» Pon gru 19, 2011 9:34
Re: Szukamy kotki Marion (Warszawa-Stare Miasto)
Dziękuję bardzo mocno Gosiar, Carmen201 i Mimbli 64 za wyprawy poszukiwaniowe na Starówce!
Ja byłam w sobote wieczorem, ale żadnego tropu nie złapałam.
Mialam taką wielką nadzieję, że kotka z drugiego ogłoszenia to ona. Tamta jest szyltkretową buraską, młodziutką. Dobrze, ze chociaz ona miała szczęście.
Dziś będa rozmawiac z Delfinką. Chciałbym ją poprosić, o wspólny wypad w tamte strony. Jak Basi uda się uściślić lokalizację ew. pobytu kotki, to zrobimy tak jak radzi Femka.
Mam nadzieję, że ona żyje.
Powracając na moment do dyskusji o uszczęśliwianiu kotki na siłę, zapewniam, że kolega (z zasady przeciwnik wychodzenia kotów z domu) ma warunki aby w przypadku, gdy kotka będzie usilnie domagać wychodzenia (już po zaklimatyzowaniu się w domu), dać jej taką możliwość.
O ile wypuszczanie kota może być w ogóle bezpieczne, to tam okolica jest cicha i spokojna, z dala od szosy. Ewentualność jakiegoś przykrego zdarzenia jest nieporównalnie mniejsza, niż włóczenie się po warszwskich ulicach i zakamarkach.

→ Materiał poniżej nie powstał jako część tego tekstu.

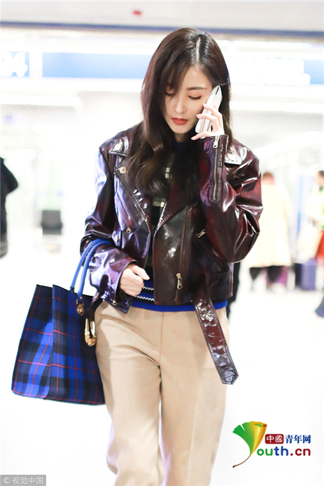 2018年10月25日,北京,张天爱现身机场,她身穿短款漆皮夹克时尚帅气,低头疾走打电话星范十足。

Carmen jakbyś mogła przełożyć "pukanie do O. Roberta" na wtorek, to poszłybyśmy razem.
Dziś nie mogę.
Los bowiem synów ludzkich jest ten sam, co i los zwierząt; los ich jest jeden: jaka śmierć jednego, taka śmierć drugiego, i oddech życia ten sam. W niczym więc człowiek nie przewyższa zwierząt.